Growing up as a young child, my parents stories reflected much the same as mine, but where I started seeing change in relation to young and growing children and the freedoms we had in comparison to the freedoms kids today don't have, started in the 1990's.

Fully fenced yards, always being supervised, being chauffeured to and from school, to events, etc, property owners less tolerant of having neighbourhood children commandeer their yards as their personal playgrounds, and so on.

I don't recall ever being shooed by a homeowner for playing in their yard back in the day... boy, have times ever changed. Our playground was everyone's yards, and for blocks around, nothing was out of bounds.

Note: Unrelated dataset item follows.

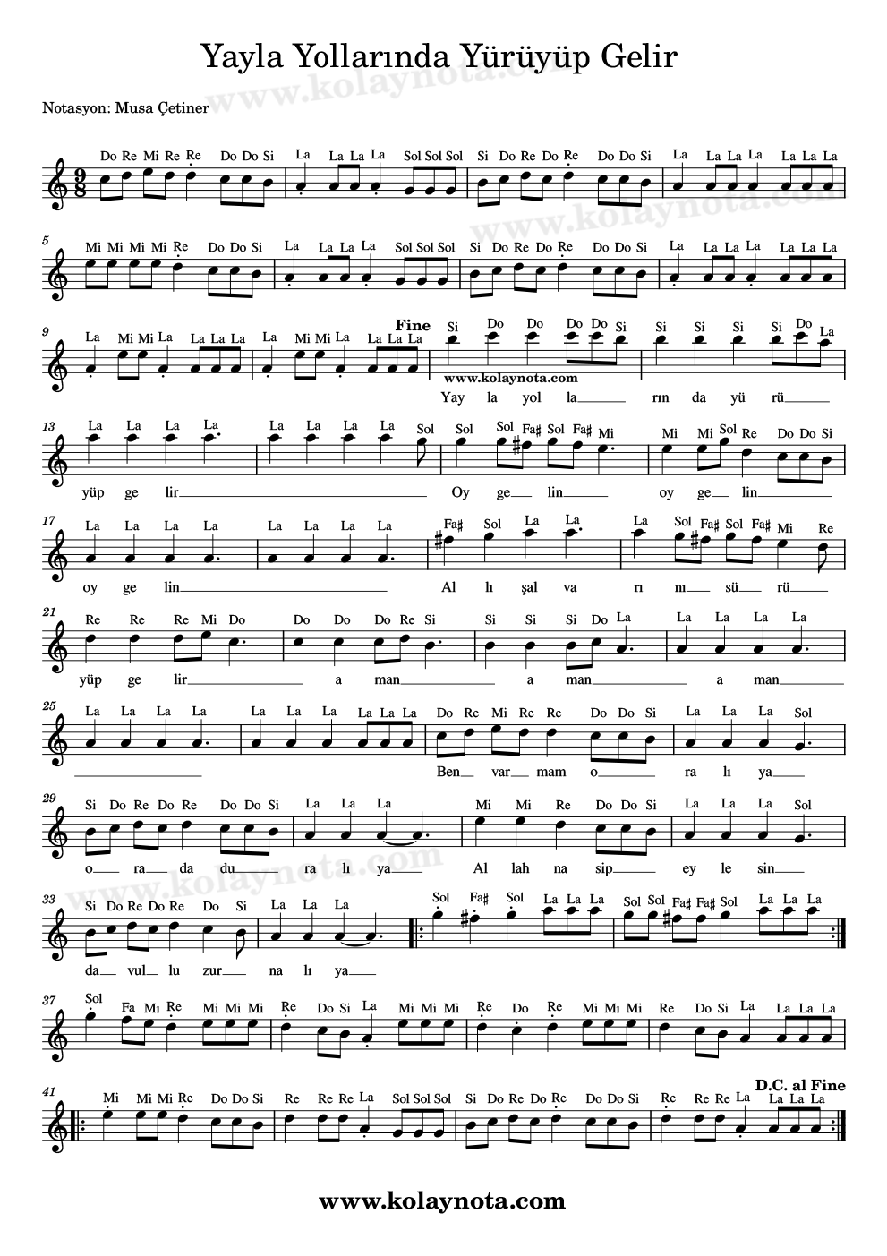 Yayla Yollarında Yürüyüp Gelir – Kolay Nota by Musa Çetiner

Life today has become way too overly structured, and way too restrictive for kids as compared to childhood back in the 60's and 70's.


----------



## Pecos (Jun 20, 2021)

We lived in Northern Idaho until I was nine. We were snowed in multiple times. Those were the days when the basement was full of home canned goods and the coal bin was filled to the brim.


----------



## MarkinPhx (Jun 20, 2021)

Aunt Marg said:


> Growing up as a young child, my parents stories reflected much the same as mine, but where I started seeing change in relation to young and growing children and the freedoms we had in comparison to the freedoms kids today don't have, started in the 1990's.
> 
> Fully fenced yards, always being supervised, being chauffeured to and from school, to events, etc, property owners less tolerant of having neighbourhood children commandeer their yards as their personal playgrounds, and so on.
> 
> ...


We had that one neighbor that I think everyone had, the one who everyone was afraid of. If we hit a ball onto his lawn we would gingerly retrieve it and if it went into his backyard, forget it ! That ball was lost forever. There were stories that he would chase children off his lawn with his belt swinging. Of course no one saw anything close to that but all the kids were afraid of him and his house. Part of the neighborhood mystique I guess.


----------



## Aunt Marg (Jun 20, 2021)

cdestroyer said:


> View attachment 170070
> does it snow in montana? I remember also, walking to school thru the bitter cold wind, some kids got frost bite no buses so only the locals,


A lovely snap of history right there!

The snow banks and pathway leading to the front door is exactly how I remember it when I was a kid!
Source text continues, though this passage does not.